Here is my project’s build.sbt. I put javaOptions inside project bioscala, where my test is under project DE. I am not sure if there is something I got wrong when setting sbt. I have a script under src/test/scala, and use Test/run under project 12.DE for this parallel test under sbt.

If I put javaOptions inside 12.DE, the test reports that “[warn] Test / run / javaOptions will be ignored, Test / run / fork is set to false”, and still it uses more processors than what I imagined (I think scala.concurrent.context.numThreads=2 should use 2 CPUs? ).

som-snytt · June 15, 2025, 6:26pm

This works for test; per instructions, use Test/run for run.

//Test / run / fork := true
Test / fork := true

Test / javaOptions ++= Seq(
  "-Dscala.concurrent.context.numThreads=2",
  "-Dscala.concurrent.context.maxThreads=4"
)

beyondpie · June 15, 2025, 7:13pm

Hi @som-snytt
Thanks for correcting me. Yes, I add your suggested configurations into test (under one of my project with test, 12.DE). It still uses more CPUs.

SethTisue · June 15, 2025, 7:22pm

It appears you left out the -s before the Ds.

SethTisue · June 15, 2025, 7:25pm

This can be separated into two parts:

Is the system property actually being set in the JVM process in question?
Is the system property having the effect you intended?

It’s important to determine which part is the point of failure.

You can distinguish the two by inserting something like println(sys.props("scala.concurrent.context.numThreads")) into the code you’re running.

beyondpie · June 16, 2025, 1:20am

@SethTisue Thanks for your reply!

It appears you left out the -s before the Ds.

Yes, I’ve updated it. Thanks. But the result is not changed.

println(sys.props("scala.concurrent.context.numThreads"))

It says:

[info] running (fork) controlParallelCollection
[info] 2

So I think the system property actually is set. I am using Scala 3.7.1, Jdk 22.0.1-internal 2024-04-16. Not sure if this affects the results?

SethTisue · June 16, 2025, 1:54am

My own observation aligns with Som’s.

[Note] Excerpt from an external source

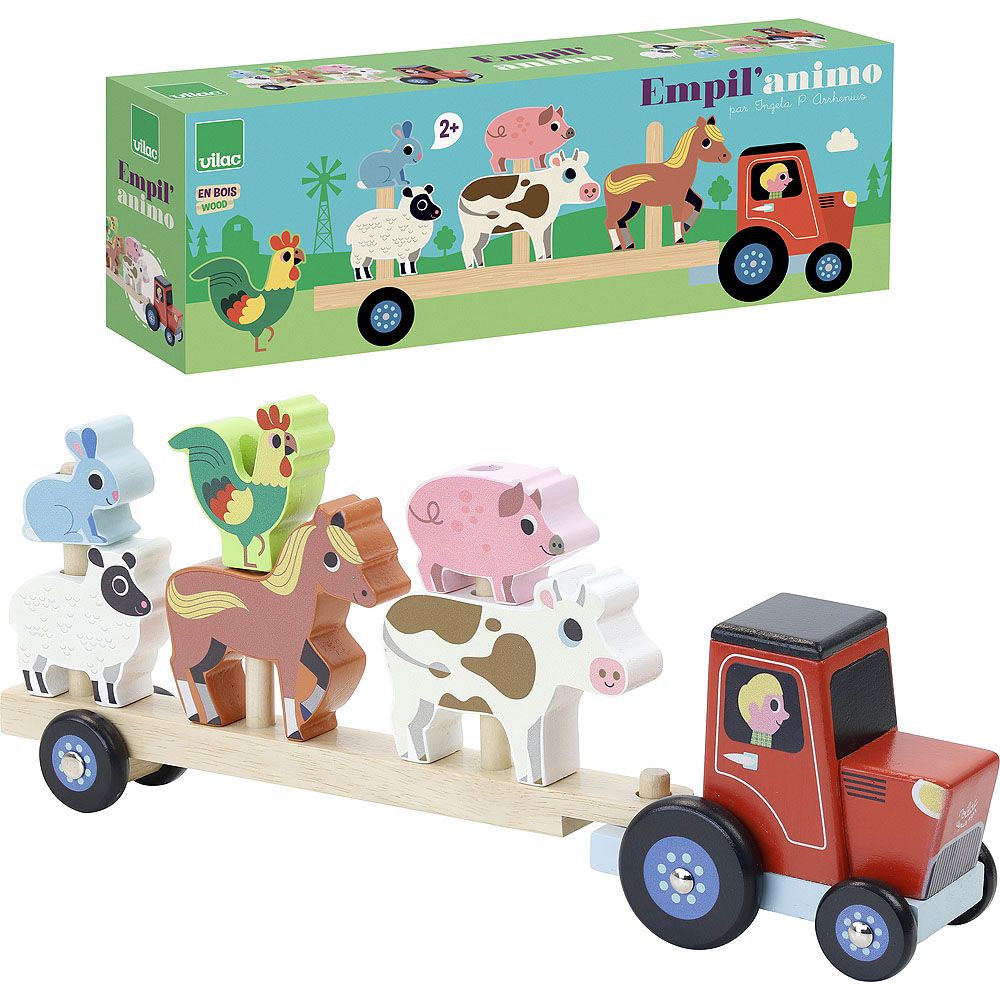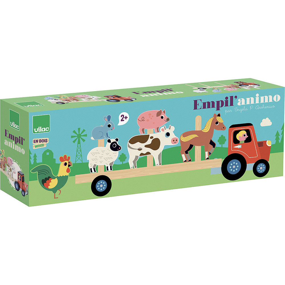 The Vilac wooden toy develops the child's curiosity and fine motor skills and teaches the child about the farm animal. The six wooden animals can be stacked on the trailer, which has three sticks where the animals can be put on. The Wooden toy encourages many hours of play and fun.

If I do this:

% scala --dep org.scala-lang.modules::scala-parallel-collections:1.2.0 \
-Dscala.concurrent.context.maxThreads=2 
Welcome to Scala 3.7.0 (21.0.7, Java OpenJDK 64-Bit Server VM).
Type in expressions for evaluation. Or try :help.
                                                                                                    
scala> import scala.collection.parallel.CollectionConverters._
                                                                                                    
scala> List.fill(500)(0).par.map(_ => while(true) {})

I see 200% CPU usage in MacOS’s Activity Monitor, as expected.

And if I leave out the -Dscala.concurrent.context.maxThreads=2, then I get much higher CPU usage — around 1150%.

Note that my experience shows that it’s sufficient to set maxThreads only.

I think you need to:

Verify that you are able to reproduce my results yourself, using the reproduction steps shown above
Do some investigating and apply some rigor to the problem and figure out what it is that you are doing differently

Having me, Rex, and Som all try to guess what might be going on in your code that we haven’t seen — well, that just doesn’t seem to be working. Or rather, we have seem to have made some progress, but not all the way to a solution.

beyondpie · June 16, 2025, 2:35am

@SethTisue Thanks! I can reproduce your results! I will look into my codes. Thanks again!